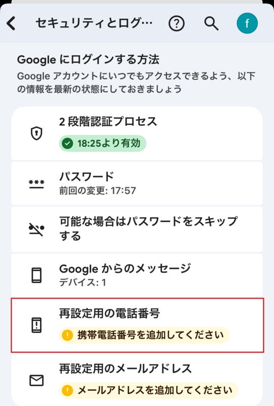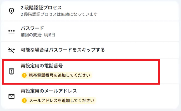 2.1.1. 「セキュリティとログイン」設定から「再設定用の電話番号」を開きます
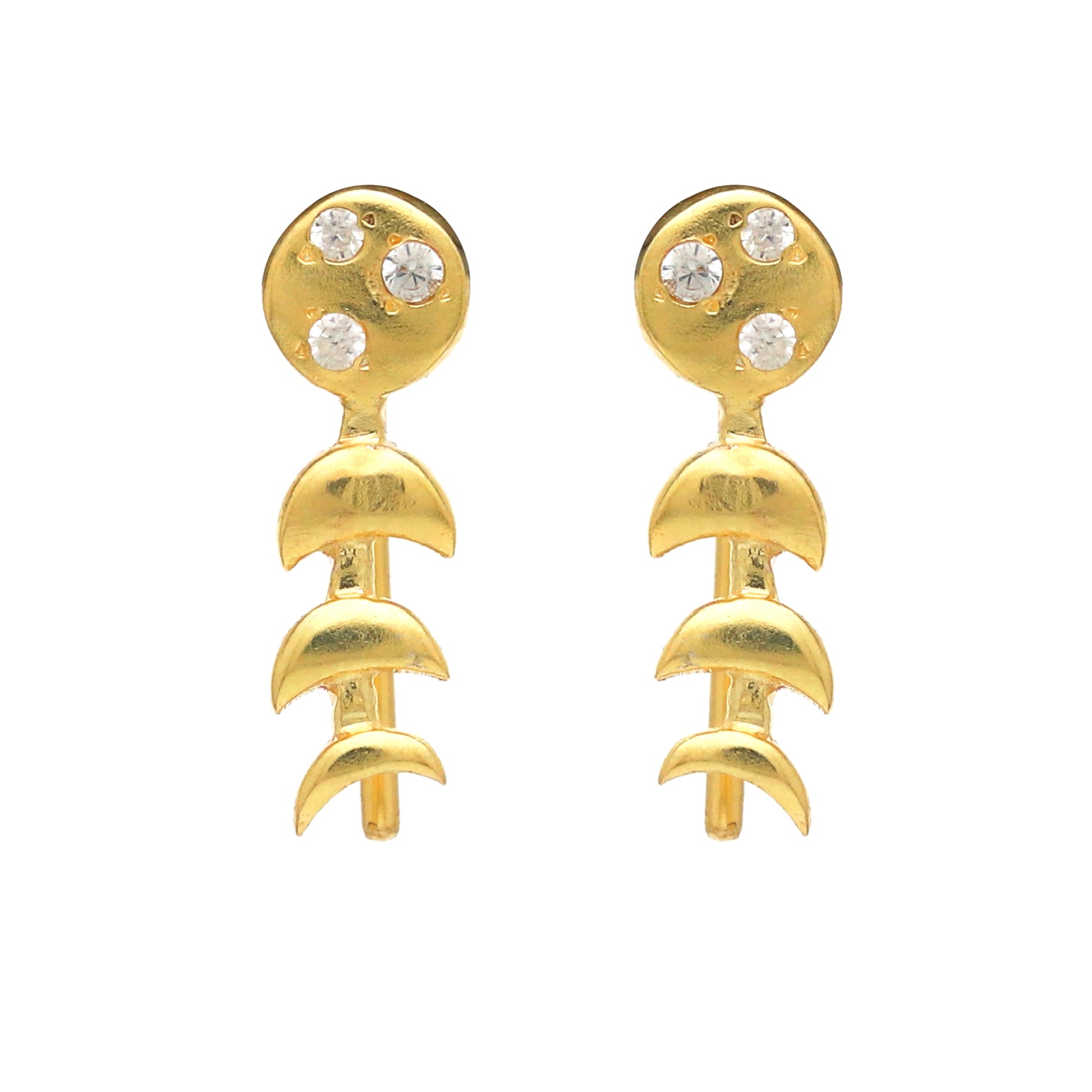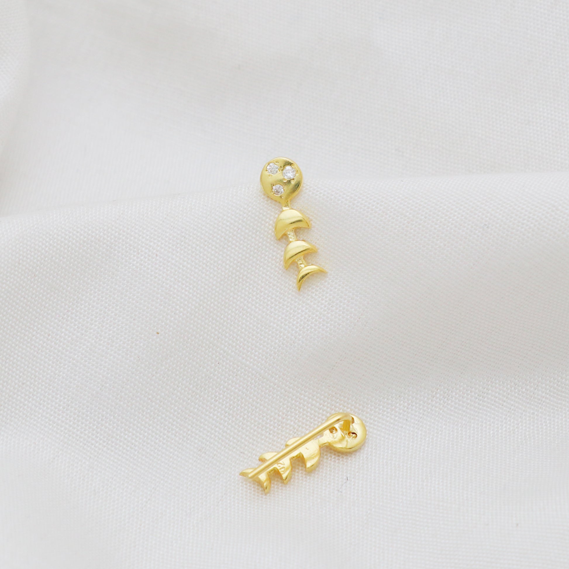 Zircon gemstone moon phase climber earring in 925 gold plated sterling silver
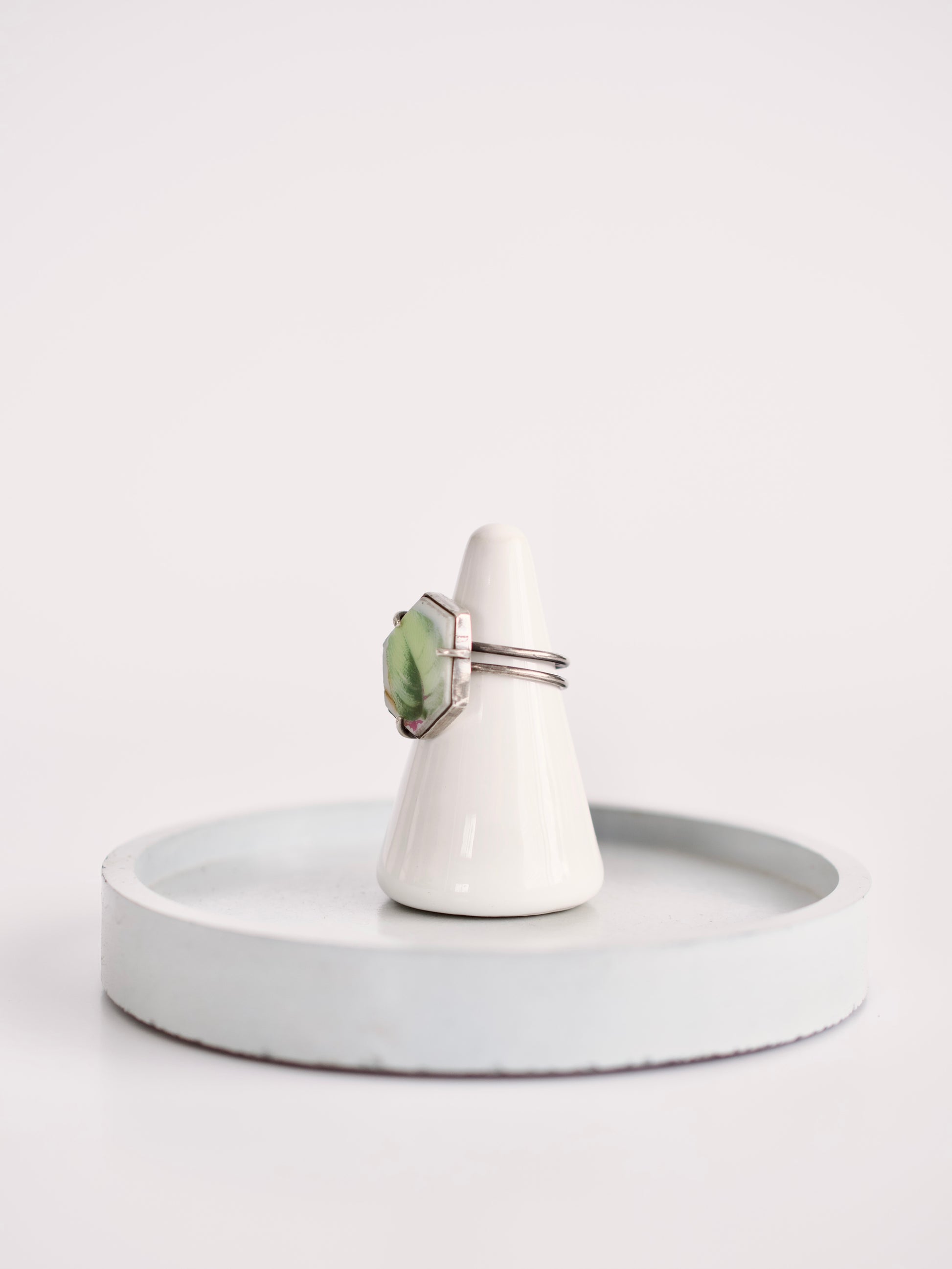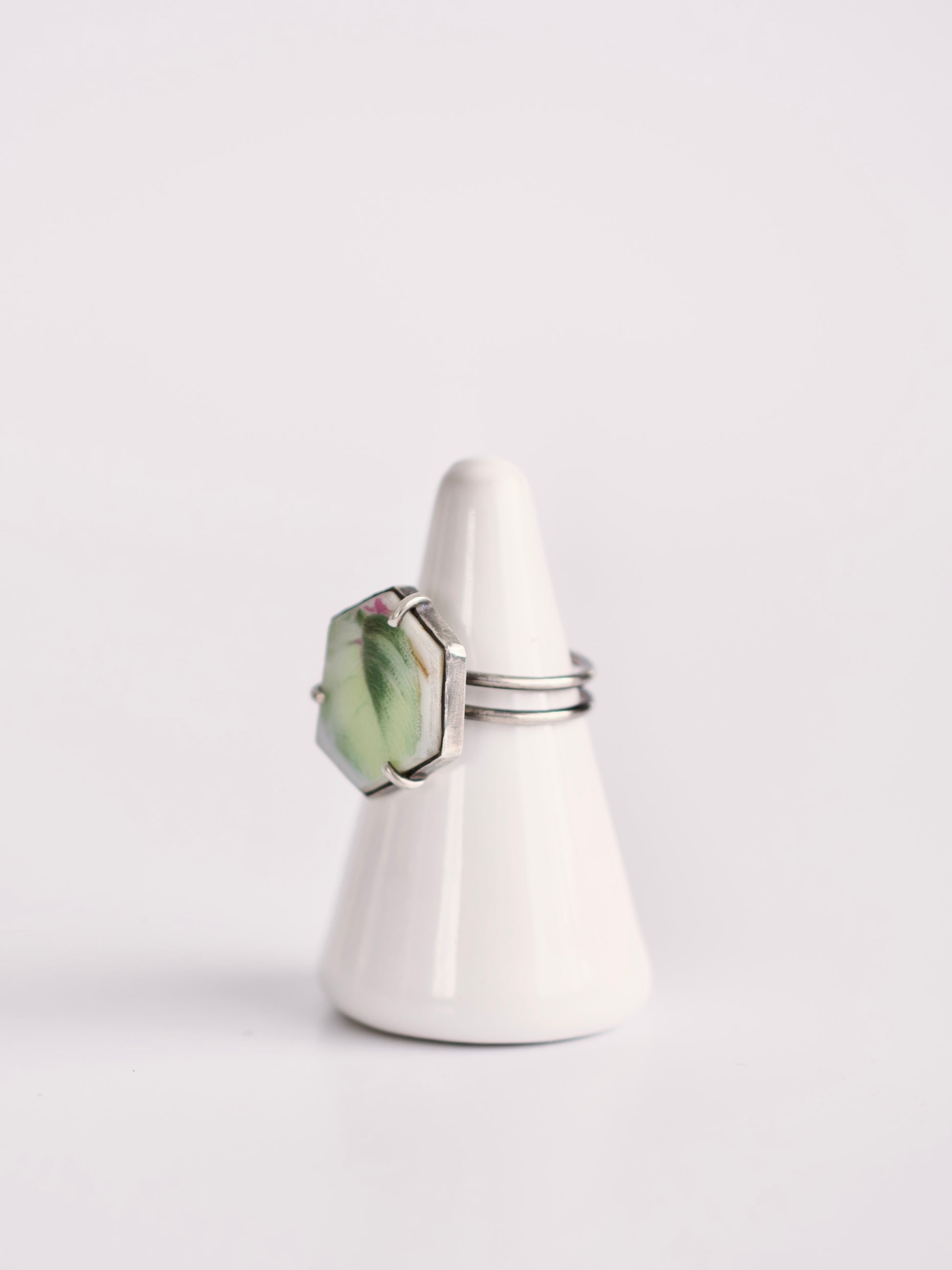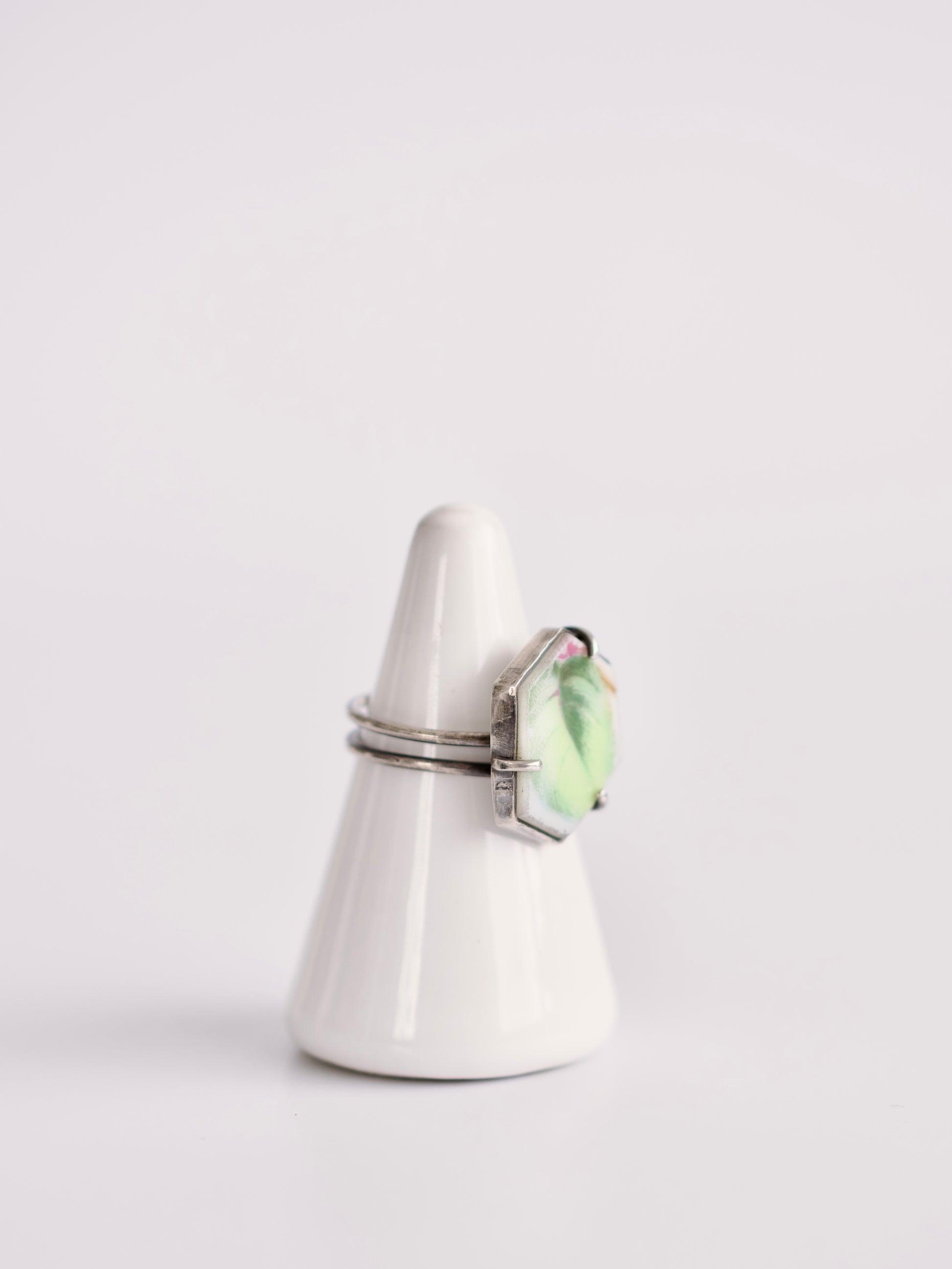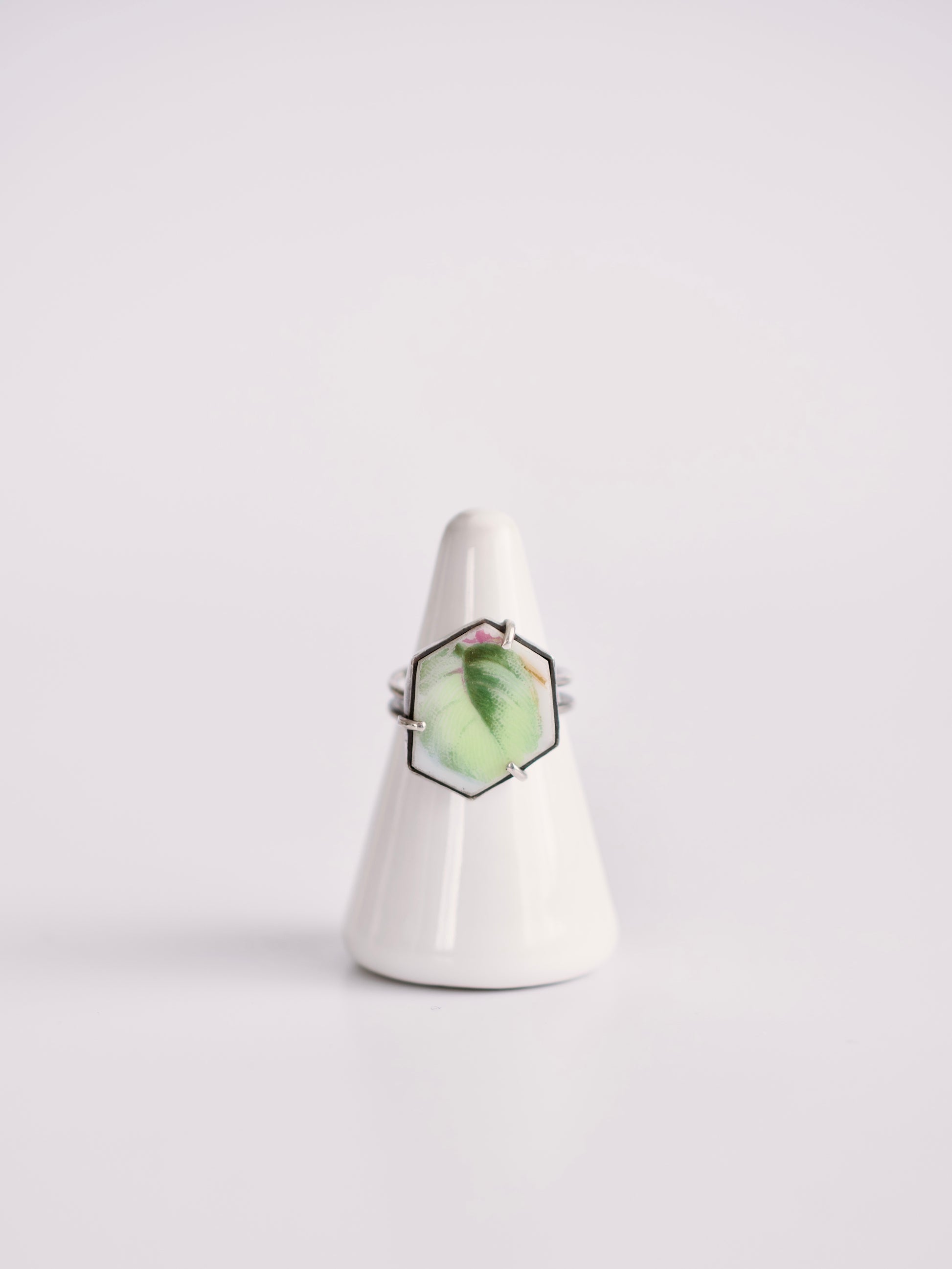 Fresh and elegant, this ring features a piece of broken plate with a delicate green leaf design. Set in sterling silver, the sleek finish highlights the natural beauty of the plate. Handcrafted with care, it’s a one-of-a-kind piece that adds a subtle, earthy charm to any look.

+ + + +

**Task description**
What is needed is the exact run of lines from the start of the data through the line with "Zircon gemstone moon", both ends included, minus the pictures.

**Result for this task**
 2.1.1. 「セキュリティとログイン」設定から「再設定用の電話番号」を開きます
 Zircon gemstone moon phase climber earring in 925 gold plated sterling silver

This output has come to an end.